— DATA SEGMENT —
________________
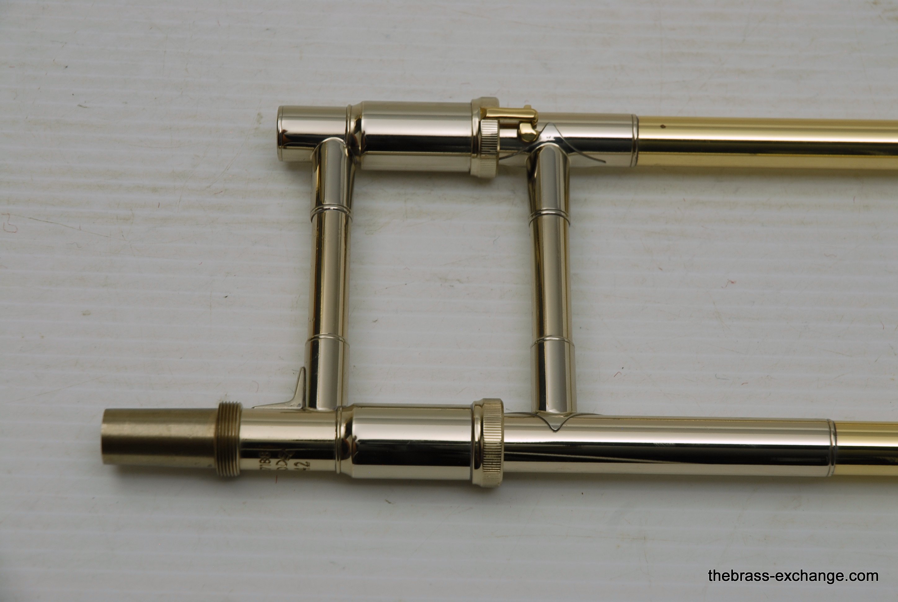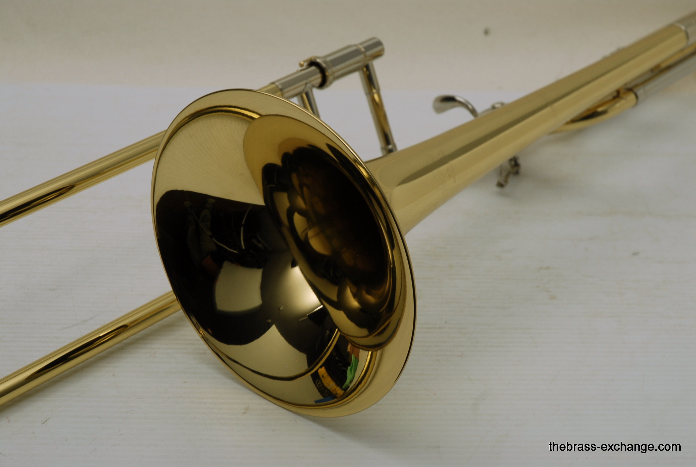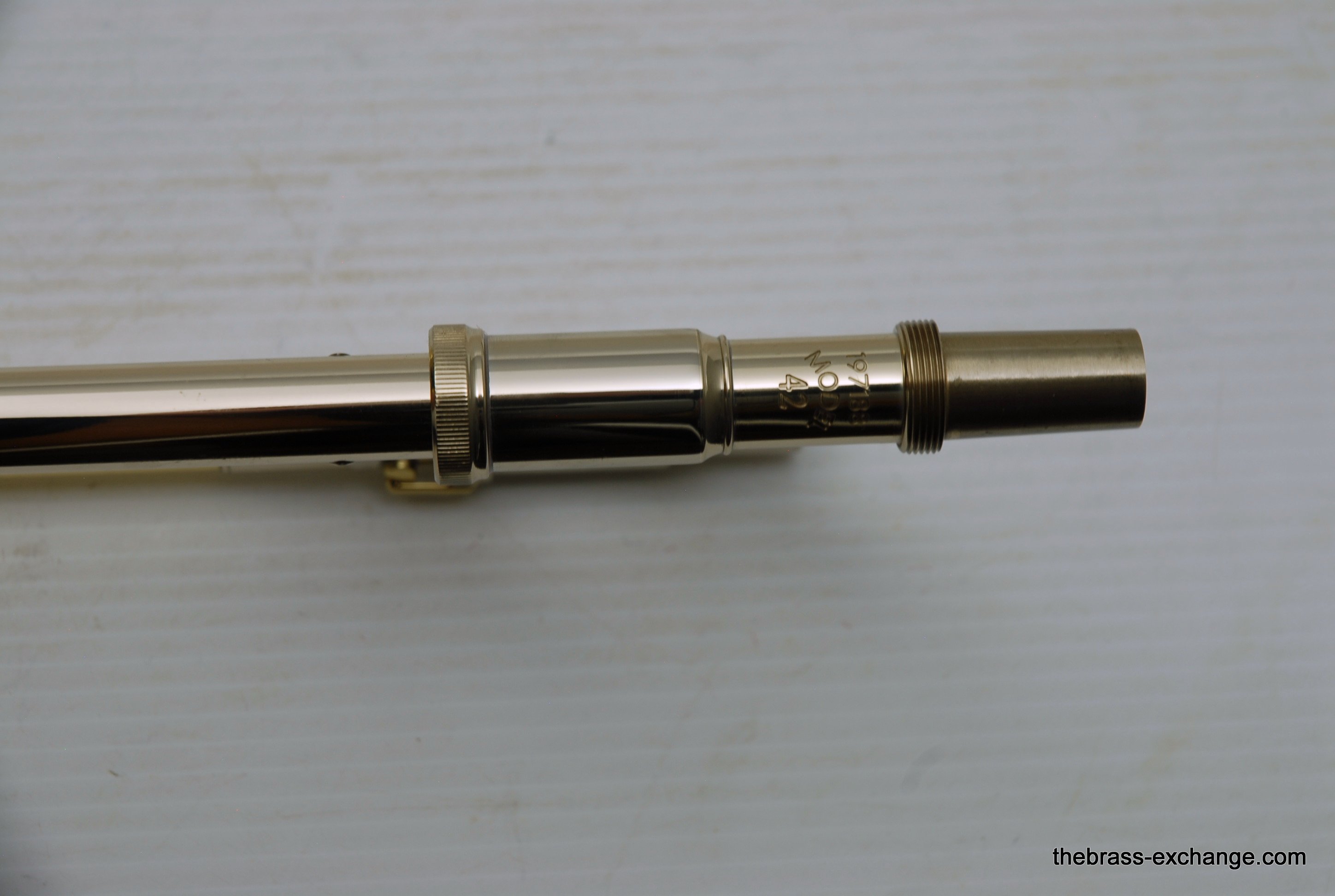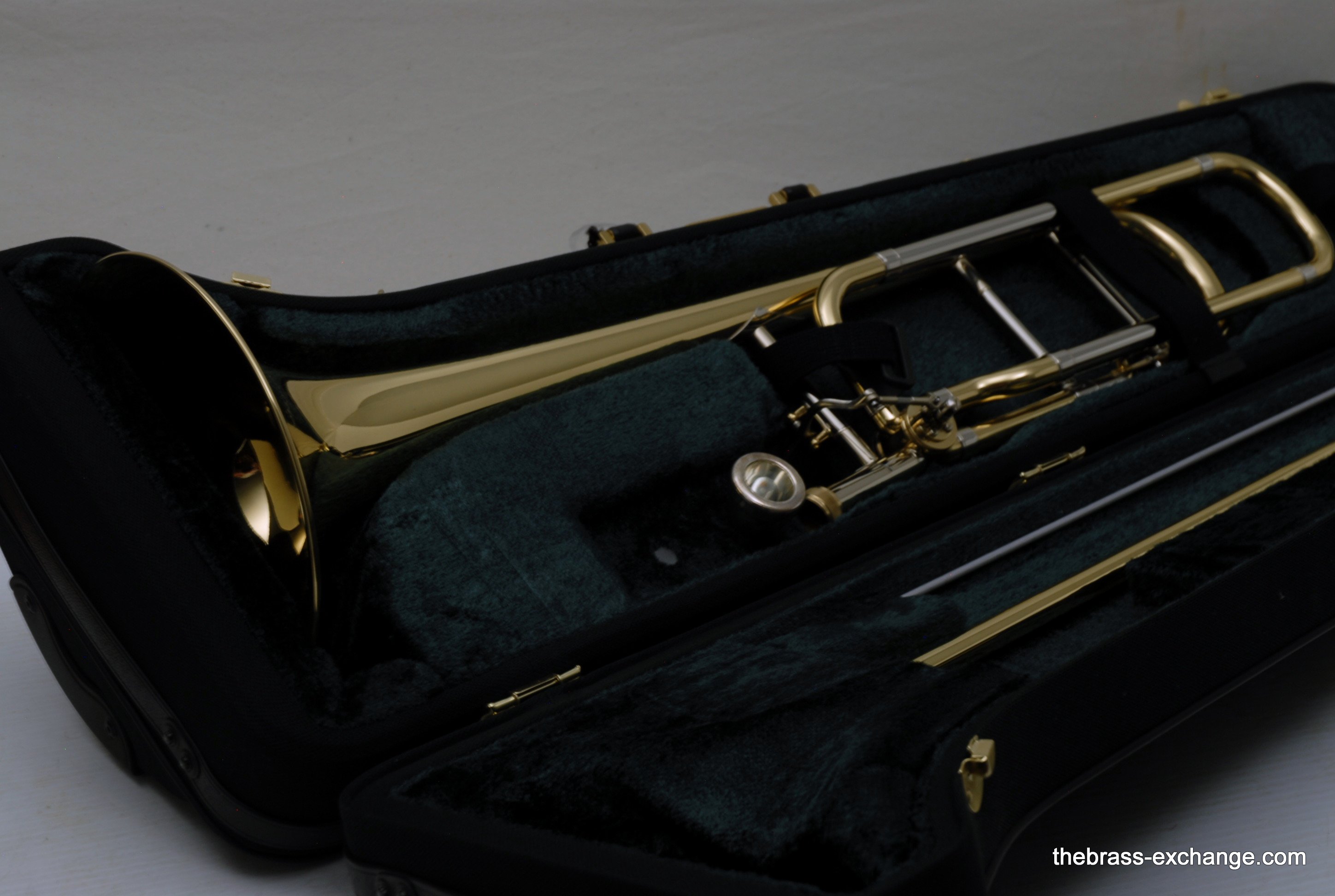 Bach 42BO with S/N 197xxx, this is the classic 42BO large bore tenor. Has 8.5" Yellow brass bell, .547 bore standard weight slide. Has not been used, really at all. You can tell once you look at it. Even the case handle still has the plastic on it. The case looks different than most of the Bach cases becuase this case was only available outside the U.S.  We checked it over, play tested, and conclude no issues with valve, slide, or lacquer. Any player looking for savings on a new 42BO will appreciate this one. Many Bach players today feel that the quality of Bach make has been inconsistent over the past few years. This one is most likely late 1990's and the quality is excellent. Once you play it you know. Handslide is super straight and without defect. Valve section is smooth and quiet. It's a good player. A new 42BO sells new today for $3400, some retailers offer a 10% on line discount, that makes the net cost $3060 plus tax. We believe that this is an excellent value at $2095 for a new 42BO. In-stock for immediate delivery.
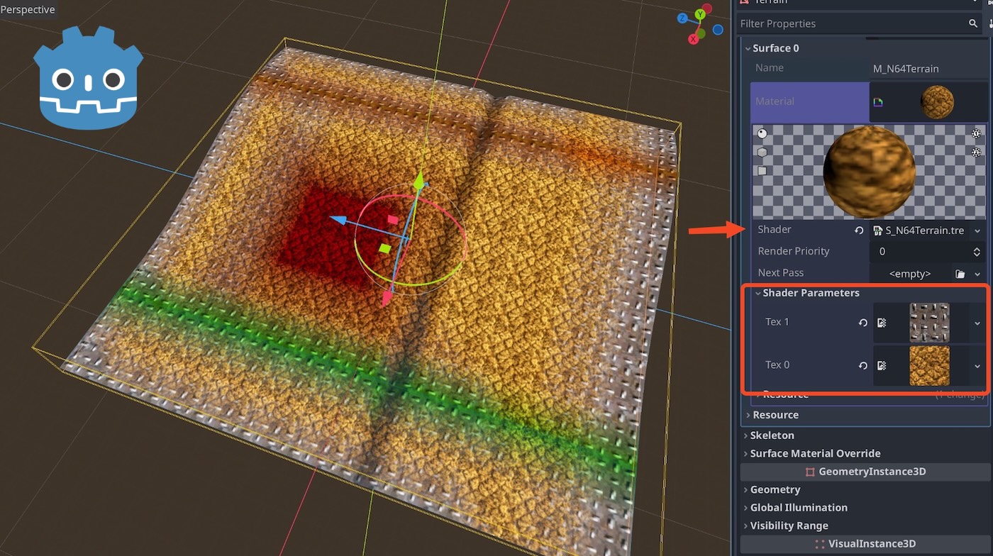 In this article, I explain how I created a Banjo-Kazooie (Nintendo 64) terrain and level material in Godot, with a Visual Shader, importing the terrain created in Blender, that makes use of two texture channels and blends them using the vertex color alpha and vertex colors for details and fake lighting and ambient occlusion.
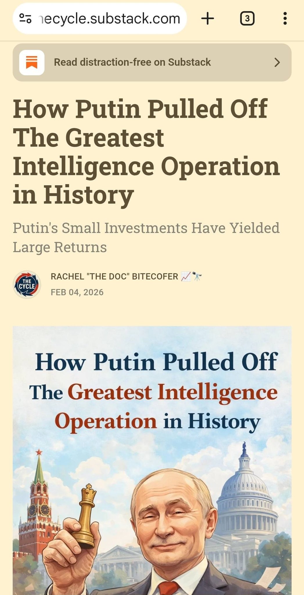 Putin—cựu sĩ quan KGB, người cả đời nghiên cứu về sự sụp đổ của nhà nước—đang xem người Mỹ phá vỡ cơ quan lập pháp của chính họ trên truyền hình trực tiếp. Không có xe tăng Nga. Không có tấn công mạng. Không có tên lửa.
________________
— WHAT YOU SHOULD DO —
Would you output the data exactly, without any of its images?

— EXERCISE OUTPUT —
 Bach 42BO with S/N 197xxx, this is the classic 42BO large bore tenor. Has 8.5" Yellow brass bell, .547 bore standard weight slide. Has not been used, really at all. You can tell once you look at it. Even the case handle still has the plastic on it. The case looks different than most of the Bach cases becuase this case was only available outside the U.S.  We checked it over, play tested, and conclude no issues with valve, slide, or lacquer. Any player looking for savings on a new 42BO will appreciate this one. Many Bach players today feel that the quality of Bach make has been inconsistent over the past few years. This one is most likely late 1990's and the quality is excellent. Once you play it you know. Handslide is super straight and without defect. Valve section is smooth and quiet. It's a good player. A new 42BO sells new today for $3400, some retailers offer a 10% on line discount, that makes the net cost $3060 plus tax. We believe that this is an excellent value at $2095 for a new 42BO. In-stock for immediate delivery.
 In this article, I explain how I created a Banjo-Kazooie (Nintendo 64) terrain and level material in Godot, with a Visual Shader, importing the terrain created in Blender, that makes use of two texture channels and blends them using the vertex color alpha and vertex colors for details and fake lighting and ambient occlusion.
 Putin—cựu sĩ quan KGB, người cả đời nghiên cứu về sự sụp đổ của nhà nước—đang xem người Mỹ phá vỡ cơ quan lập pháp của chính họ trên truyền hình trực tiếp. Không có xe tăng Nga. Không có tấn công mạng. Không có tên lửa.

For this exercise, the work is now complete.